Monday 18 November 2013

Unsolicited Advice Via the Grocery Store

Courtesy of Jennifer at Herbalist Eats.  Thanks for the great think this morning!

My children go grocery shopping with me. They have done this since Lily was about 10 months old. Before that I was terrified of shopping alone with a baby. I constantly thought I would break her. It wasn't until I mastered the ring sling and was shamed into it that I dared even attempt it. I had to grocery shop for the museum I worked at and would go on my lunch break so I could also get my own shopping done at the same time ALONE.

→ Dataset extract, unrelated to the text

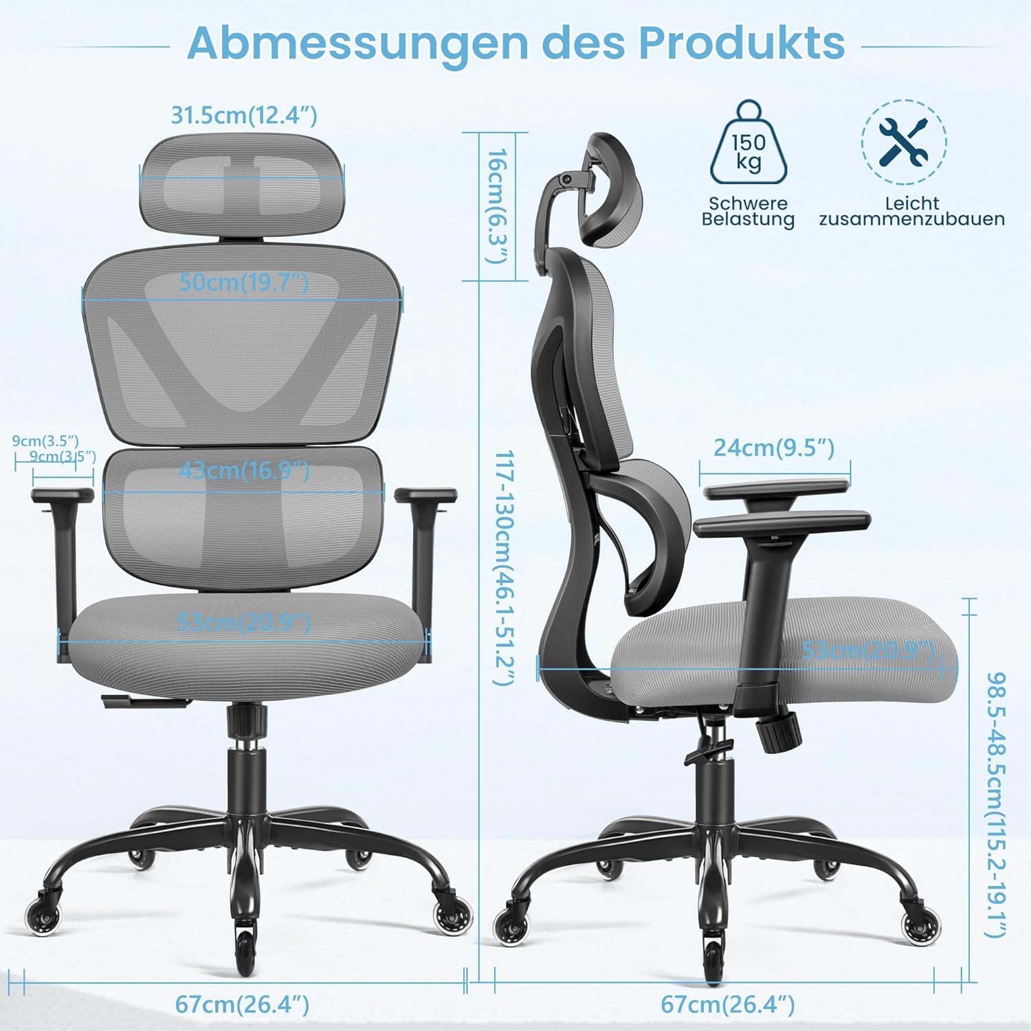 - 【Verstellbarer Bürostuhl】 Mehrdimensionale frei drehbare Kopfstütze kann die Halswirbelsäule schützen, verstellbarer Arm mit PU, 10 cm höhenverstellbarer Luftstab, kann 360°drehbar, flexibel an Ihre Büroumgebung anpassbar. Kippfunktion mit

I was shamed into it because the day care provider I used had an emergency and when I managed to get off work and go get Lily, my car was full of groceries and she thought I had stopped and grocery shopped while she waited for me to get there to get my kid so she could take hers to the emergency room. Why couldn't I have taken Lily?

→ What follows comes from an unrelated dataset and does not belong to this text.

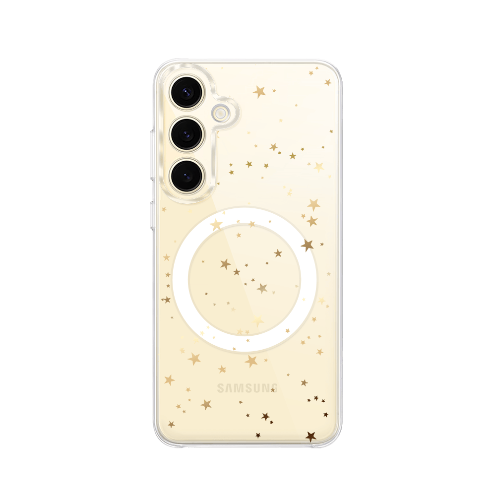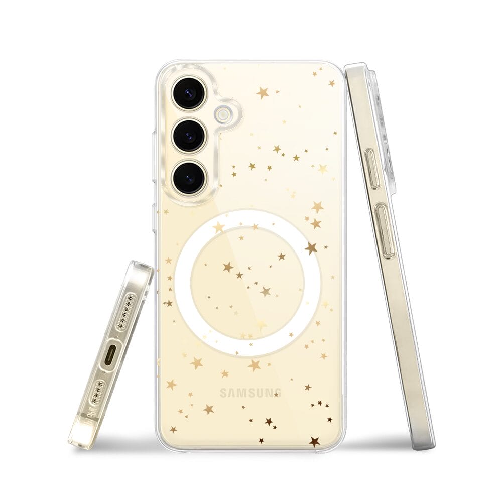 Etui do Samsung Galaxy S24 z MagSafe przeźroczyste, silikonowe Flexi, Zimowa magia, Złote gwiazdki
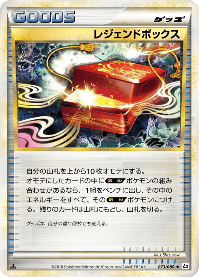 自分の山札を上から10枚オモテにする。<br> オモテにしたカードの中に<img src="/shared/images/card/icon_densetsu.gif" alt="伝説" class="icon">ポケモンの組み合わせがあるなら、1組をベンチに出し、その中のエネルギーをすべて、その<img src="/shared/images/card/icon_densetsu.gif" alt="伝説" class="icon">ポケモンにつける。残りのカードは山札にもどし、山札を切る。 グッズは、自分の番に何枚でも使える。

Because I couldn't. I just couldn't. Terrified.

Part of it was that I was terrified of taking my baby alone out anywhere. Getting her to daycare on my own was a feat of miracles. She was so heavy. She was also so breakable.

So when I did finally venture out, first with Chad along, and then on my own, strangers' criticizing was devastating. Mind blowing crushing emotional disaster zone. If I put shoes on Lily, "Oh baby's feet should be bare!"....if I left them bare, "Oh she'll be too cold and get a chill and get sick!" AND DIE. In July when temperatures outside slid into the 100's. For real.

Babywearing helped and harmed. "She'll never learn to walk!" She'll be dependent on me forever and never talk, walk, or wipe her own butt. Those are real fears for a new mom. Lily however had other plans. She often would respond right back, sassy and all, "NO, NEVER!" I could hold her close and recover my own heartbeat and confidence, snuggled to my heart in her sling.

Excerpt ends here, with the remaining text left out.